=== RECORDS FOR THIS TASK ===
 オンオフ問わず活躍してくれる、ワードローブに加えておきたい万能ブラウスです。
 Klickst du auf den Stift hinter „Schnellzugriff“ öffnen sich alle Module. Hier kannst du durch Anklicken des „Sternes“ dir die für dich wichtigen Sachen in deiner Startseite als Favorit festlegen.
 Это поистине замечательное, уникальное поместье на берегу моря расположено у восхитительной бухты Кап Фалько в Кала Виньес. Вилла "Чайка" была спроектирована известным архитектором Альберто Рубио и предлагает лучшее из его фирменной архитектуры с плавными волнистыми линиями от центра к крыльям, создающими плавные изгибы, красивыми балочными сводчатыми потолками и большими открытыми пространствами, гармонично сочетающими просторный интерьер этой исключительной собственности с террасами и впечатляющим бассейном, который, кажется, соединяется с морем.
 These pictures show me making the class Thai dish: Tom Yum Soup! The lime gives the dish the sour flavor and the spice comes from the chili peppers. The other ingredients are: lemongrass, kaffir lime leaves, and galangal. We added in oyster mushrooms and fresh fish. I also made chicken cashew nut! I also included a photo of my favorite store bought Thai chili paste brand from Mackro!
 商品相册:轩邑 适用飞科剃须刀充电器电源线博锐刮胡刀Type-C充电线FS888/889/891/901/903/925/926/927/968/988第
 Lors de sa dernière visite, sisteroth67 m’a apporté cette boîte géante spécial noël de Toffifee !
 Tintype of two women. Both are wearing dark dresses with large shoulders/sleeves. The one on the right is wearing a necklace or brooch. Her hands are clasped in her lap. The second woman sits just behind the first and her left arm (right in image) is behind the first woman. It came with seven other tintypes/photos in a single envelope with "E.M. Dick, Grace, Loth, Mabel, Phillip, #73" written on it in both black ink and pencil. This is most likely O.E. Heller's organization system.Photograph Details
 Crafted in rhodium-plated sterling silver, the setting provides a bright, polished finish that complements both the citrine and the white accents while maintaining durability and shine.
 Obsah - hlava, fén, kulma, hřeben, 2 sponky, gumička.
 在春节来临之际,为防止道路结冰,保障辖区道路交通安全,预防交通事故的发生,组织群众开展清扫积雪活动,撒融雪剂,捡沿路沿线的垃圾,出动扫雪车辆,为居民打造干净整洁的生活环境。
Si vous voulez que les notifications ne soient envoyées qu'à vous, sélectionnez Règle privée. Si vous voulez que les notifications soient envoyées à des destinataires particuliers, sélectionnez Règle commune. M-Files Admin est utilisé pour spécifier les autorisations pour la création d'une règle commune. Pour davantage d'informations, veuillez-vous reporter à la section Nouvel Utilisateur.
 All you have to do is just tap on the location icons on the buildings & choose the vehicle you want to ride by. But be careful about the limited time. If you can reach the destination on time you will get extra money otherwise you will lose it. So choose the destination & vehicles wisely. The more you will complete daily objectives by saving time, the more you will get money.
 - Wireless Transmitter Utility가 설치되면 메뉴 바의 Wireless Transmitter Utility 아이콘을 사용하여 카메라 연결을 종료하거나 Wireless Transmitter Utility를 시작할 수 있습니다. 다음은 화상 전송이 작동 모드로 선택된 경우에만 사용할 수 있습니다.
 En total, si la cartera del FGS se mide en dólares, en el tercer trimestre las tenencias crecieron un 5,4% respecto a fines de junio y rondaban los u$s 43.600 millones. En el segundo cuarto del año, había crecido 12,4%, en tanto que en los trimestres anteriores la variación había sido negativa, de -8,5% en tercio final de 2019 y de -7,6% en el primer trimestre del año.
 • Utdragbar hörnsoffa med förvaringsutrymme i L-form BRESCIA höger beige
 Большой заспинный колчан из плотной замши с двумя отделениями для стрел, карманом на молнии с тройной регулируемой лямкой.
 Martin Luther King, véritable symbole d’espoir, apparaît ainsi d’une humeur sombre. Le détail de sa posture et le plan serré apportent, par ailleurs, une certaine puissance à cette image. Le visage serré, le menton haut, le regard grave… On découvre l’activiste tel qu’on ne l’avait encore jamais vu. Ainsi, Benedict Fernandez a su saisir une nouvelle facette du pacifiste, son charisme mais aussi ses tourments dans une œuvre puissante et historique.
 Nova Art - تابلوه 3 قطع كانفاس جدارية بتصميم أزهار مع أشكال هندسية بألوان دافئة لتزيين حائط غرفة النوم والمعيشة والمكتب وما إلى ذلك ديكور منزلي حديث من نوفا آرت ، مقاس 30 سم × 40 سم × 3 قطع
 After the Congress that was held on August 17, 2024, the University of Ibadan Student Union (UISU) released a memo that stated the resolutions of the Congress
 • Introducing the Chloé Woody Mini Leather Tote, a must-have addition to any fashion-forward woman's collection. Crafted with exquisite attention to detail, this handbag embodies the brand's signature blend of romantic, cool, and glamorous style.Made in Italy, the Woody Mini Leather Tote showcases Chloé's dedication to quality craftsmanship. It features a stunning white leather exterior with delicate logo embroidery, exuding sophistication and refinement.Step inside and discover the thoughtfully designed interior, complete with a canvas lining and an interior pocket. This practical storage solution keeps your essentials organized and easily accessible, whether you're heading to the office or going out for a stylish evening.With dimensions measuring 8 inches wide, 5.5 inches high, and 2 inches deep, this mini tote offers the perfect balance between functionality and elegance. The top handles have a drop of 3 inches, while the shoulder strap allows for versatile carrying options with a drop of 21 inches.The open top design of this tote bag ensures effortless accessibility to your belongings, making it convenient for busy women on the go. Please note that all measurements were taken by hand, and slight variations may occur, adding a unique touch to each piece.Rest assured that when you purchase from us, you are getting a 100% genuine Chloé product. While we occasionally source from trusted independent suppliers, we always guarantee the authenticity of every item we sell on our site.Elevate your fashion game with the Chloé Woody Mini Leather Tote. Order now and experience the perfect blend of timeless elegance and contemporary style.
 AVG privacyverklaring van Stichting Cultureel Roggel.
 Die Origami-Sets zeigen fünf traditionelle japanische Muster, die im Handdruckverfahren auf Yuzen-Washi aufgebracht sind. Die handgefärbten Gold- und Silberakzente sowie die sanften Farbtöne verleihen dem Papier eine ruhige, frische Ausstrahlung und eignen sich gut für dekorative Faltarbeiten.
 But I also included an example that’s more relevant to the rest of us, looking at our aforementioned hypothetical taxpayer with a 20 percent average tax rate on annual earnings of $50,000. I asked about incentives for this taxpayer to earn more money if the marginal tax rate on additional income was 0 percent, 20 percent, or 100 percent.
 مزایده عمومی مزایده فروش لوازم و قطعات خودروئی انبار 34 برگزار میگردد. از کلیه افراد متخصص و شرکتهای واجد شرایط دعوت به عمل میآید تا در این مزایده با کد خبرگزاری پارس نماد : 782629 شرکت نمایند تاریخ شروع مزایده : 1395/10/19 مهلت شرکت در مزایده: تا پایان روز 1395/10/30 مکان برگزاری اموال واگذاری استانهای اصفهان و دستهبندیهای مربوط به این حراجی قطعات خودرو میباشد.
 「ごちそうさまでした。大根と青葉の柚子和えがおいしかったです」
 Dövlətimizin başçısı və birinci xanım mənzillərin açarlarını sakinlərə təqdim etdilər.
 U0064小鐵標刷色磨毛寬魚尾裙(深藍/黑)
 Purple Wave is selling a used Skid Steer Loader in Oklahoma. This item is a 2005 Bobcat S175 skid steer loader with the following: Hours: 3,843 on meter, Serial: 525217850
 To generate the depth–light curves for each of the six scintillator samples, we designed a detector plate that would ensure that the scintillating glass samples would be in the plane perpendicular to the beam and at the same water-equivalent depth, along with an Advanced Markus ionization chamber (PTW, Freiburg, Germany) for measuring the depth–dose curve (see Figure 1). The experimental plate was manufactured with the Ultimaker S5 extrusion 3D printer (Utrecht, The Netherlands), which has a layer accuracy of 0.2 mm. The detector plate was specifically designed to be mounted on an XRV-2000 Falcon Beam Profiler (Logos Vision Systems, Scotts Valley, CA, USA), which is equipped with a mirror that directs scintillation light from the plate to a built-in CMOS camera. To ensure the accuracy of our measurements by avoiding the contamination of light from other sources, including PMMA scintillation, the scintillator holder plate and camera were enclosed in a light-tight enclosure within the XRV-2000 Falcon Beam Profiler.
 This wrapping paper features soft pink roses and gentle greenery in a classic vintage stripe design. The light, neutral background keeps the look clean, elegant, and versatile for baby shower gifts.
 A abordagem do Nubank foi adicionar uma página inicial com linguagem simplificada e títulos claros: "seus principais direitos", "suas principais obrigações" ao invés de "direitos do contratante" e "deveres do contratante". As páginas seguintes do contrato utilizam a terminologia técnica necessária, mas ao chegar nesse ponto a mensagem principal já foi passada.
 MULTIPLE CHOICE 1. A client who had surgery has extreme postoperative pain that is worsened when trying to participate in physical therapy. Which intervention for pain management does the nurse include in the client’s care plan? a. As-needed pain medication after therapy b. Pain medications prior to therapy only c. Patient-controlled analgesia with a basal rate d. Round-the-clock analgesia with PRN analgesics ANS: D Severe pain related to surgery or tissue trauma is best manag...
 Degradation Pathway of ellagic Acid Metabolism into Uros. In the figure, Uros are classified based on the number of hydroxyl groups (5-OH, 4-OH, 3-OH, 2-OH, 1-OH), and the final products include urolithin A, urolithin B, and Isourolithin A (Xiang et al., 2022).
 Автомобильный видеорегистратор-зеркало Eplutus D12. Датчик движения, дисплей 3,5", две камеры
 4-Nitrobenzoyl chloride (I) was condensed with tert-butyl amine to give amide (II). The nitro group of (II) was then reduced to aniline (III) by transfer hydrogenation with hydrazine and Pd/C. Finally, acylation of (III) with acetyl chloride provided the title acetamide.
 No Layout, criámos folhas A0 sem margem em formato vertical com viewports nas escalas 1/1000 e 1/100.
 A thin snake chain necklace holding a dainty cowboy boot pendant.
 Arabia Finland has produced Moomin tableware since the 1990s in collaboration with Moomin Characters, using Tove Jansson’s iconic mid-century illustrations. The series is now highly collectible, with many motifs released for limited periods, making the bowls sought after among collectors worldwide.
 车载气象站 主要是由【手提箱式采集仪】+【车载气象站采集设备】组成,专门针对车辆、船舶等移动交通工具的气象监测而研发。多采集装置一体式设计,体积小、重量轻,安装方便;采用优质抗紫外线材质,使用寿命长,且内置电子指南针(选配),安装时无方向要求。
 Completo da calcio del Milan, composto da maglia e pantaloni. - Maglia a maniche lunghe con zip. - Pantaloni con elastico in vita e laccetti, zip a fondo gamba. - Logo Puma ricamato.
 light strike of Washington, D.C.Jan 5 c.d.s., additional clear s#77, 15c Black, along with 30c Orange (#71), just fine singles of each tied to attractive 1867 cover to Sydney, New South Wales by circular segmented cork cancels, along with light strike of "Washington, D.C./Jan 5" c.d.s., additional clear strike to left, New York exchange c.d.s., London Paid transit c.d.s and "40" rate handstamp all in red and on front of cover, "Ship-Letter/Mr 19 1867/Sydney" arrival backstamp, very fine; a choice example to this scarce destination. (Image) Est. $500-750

=== TASK OBJECTIVE ===
Copy the lines above exactly. Start with the line containing "Nova Art - تابلوه", end with the line containing "After the Congress", and include both.

=== SOLVED EXERCISE ===
 Nova Art - تابلوه 3 قطع كانفاس جدارية بتصميم أزهار مع أشكال هندسية بألوان دافئة لتزيين حائط غرفة النوم والمعيشة والمكتب وما إلى ذلك ديكور منزلي حديث من نوفا آرت ، مقاس 30 سم × 40 سم × 3 قطع
 After the Congress that was held on August 17, 2024, the University of Ibadan Student Union (UISU) released a memo that stated the resolutions of the Congress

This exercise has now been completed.